▸ **Records**:
————————
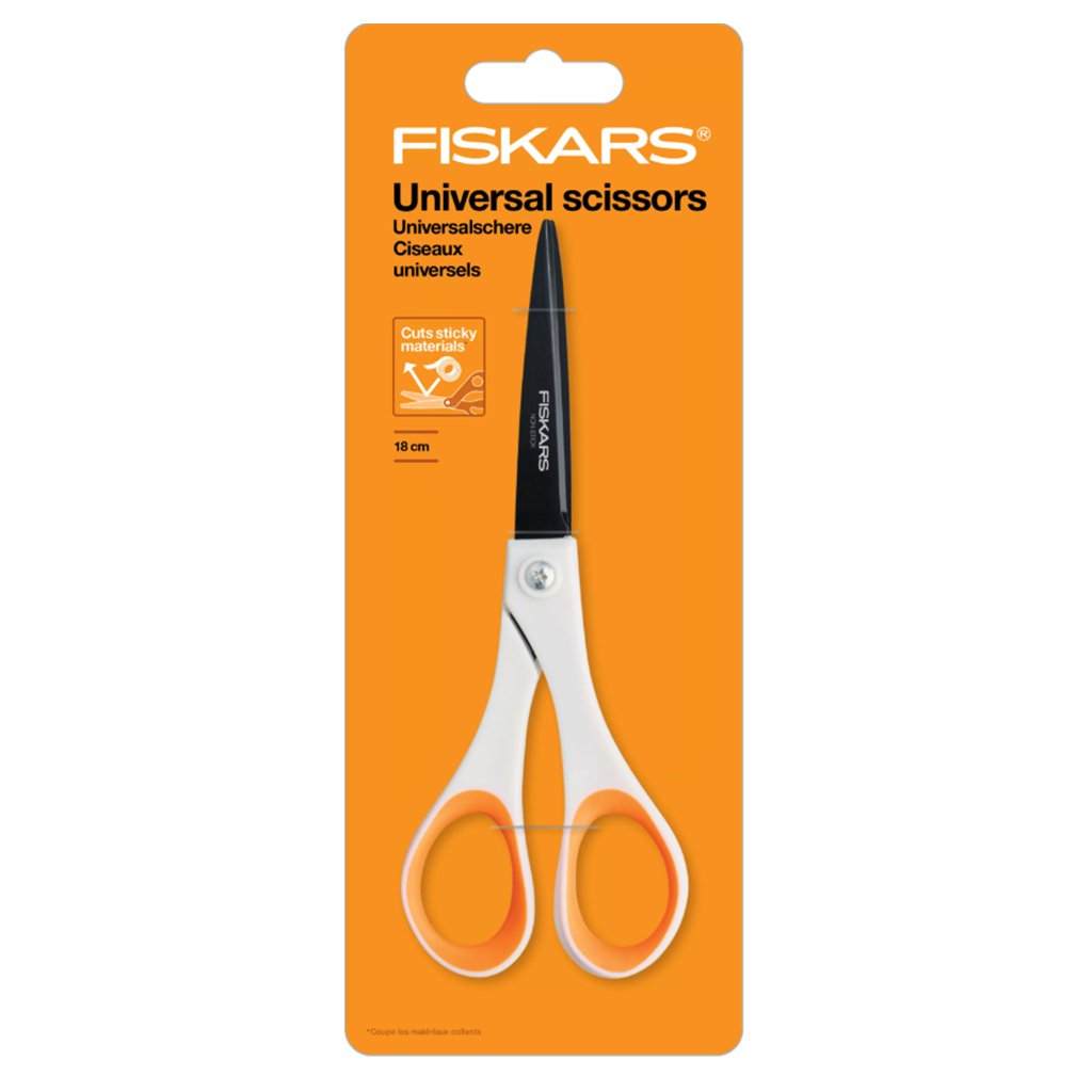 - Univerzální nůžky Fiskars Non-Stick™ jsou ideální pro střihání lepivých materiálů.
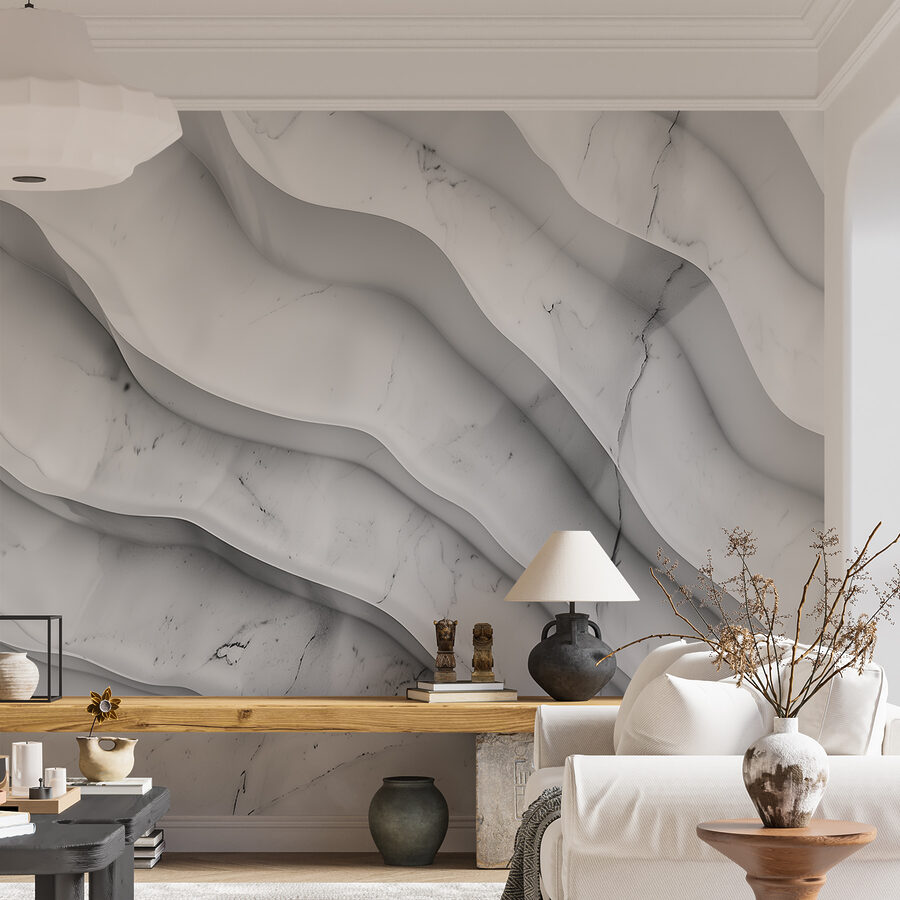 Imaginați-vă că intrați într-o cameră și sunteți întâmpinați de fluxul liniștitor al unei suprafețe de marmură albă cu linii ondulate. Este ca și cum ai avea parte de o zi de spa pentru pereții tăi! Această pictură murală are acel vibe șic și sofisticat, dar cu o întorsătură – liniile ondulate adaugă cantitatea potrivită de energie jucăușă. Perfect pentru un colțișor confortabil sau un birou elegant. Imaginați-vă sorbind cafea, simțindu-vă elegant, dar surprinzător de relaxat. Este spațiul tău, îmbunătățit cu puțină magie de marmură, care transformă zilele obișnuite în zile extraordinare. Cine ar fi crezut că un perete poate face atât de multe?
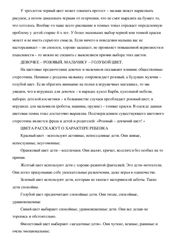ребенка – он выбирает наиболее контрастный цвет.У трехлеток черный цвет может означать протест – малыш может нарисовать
————————
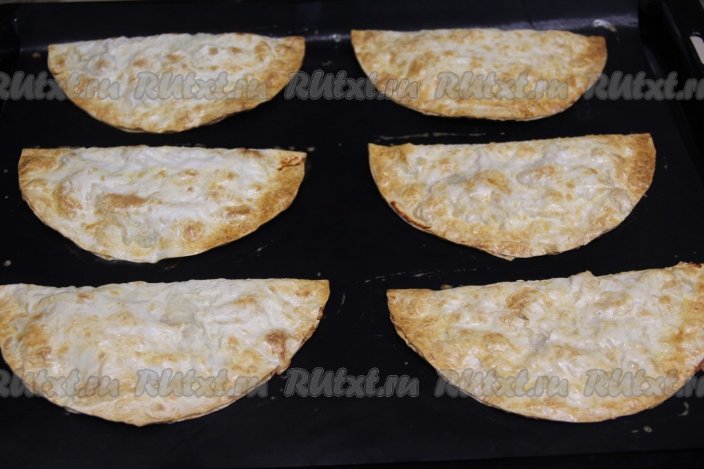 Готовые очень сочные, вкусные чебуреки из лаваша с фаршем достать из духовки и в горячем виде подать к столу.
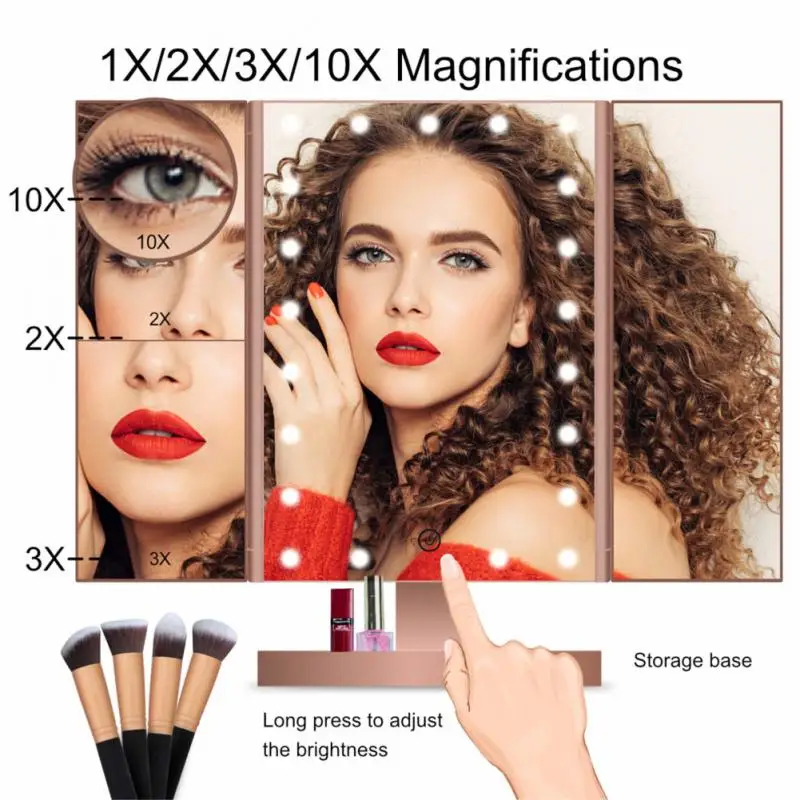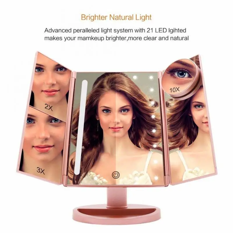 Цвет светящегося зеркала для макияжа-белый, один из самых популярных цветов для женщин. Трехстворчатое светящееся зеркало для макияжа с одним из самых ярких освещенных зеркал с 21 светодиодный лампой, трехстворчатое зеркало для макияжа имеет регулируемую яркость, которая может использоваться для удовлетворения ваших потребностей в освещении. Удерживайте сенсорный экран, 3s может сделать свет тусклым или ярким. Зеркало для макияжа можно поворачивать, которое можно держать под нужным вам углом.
————————
▸ **Task objective**:
Starting at the line above that holds "Imaginați-vă că intrați", return each line up to and including the one that holds "ребенка – он", exactly as written, minus any pictures.

▸ **Solution to the problem**:
 Imaginați-vă că intrați într-o cameră și sunteți întâmpinați de fluxul liniștitor al unei suprafețe de marmură albă cu linii ondulate. Este ca și cum ai avea parte de o zi de spa pentru pereții tăi! Această pictură murală are acel vibe șic și sofisticat, dar cu o întorsătură – liniile ondulate adaugă cantitatea potrivită de energie jucăușă. Perfect pentru un colțișor confortabil sau un birou elegant. Imaginați-vă sorbind cafea, simțindu-vă elegant, dar surprinzător de relaxat. Este spațiul tău, îmbunătățit cu puțină magie de marmură, care transformă zilele obișnuite în zile extraordinare. Cine ar fi crezut că un perete poate face atât de multe?
ребенка – он выбирает наиболее контрастный цвет.У трехлеток черный цвет может означать протест – малыш может нарисовать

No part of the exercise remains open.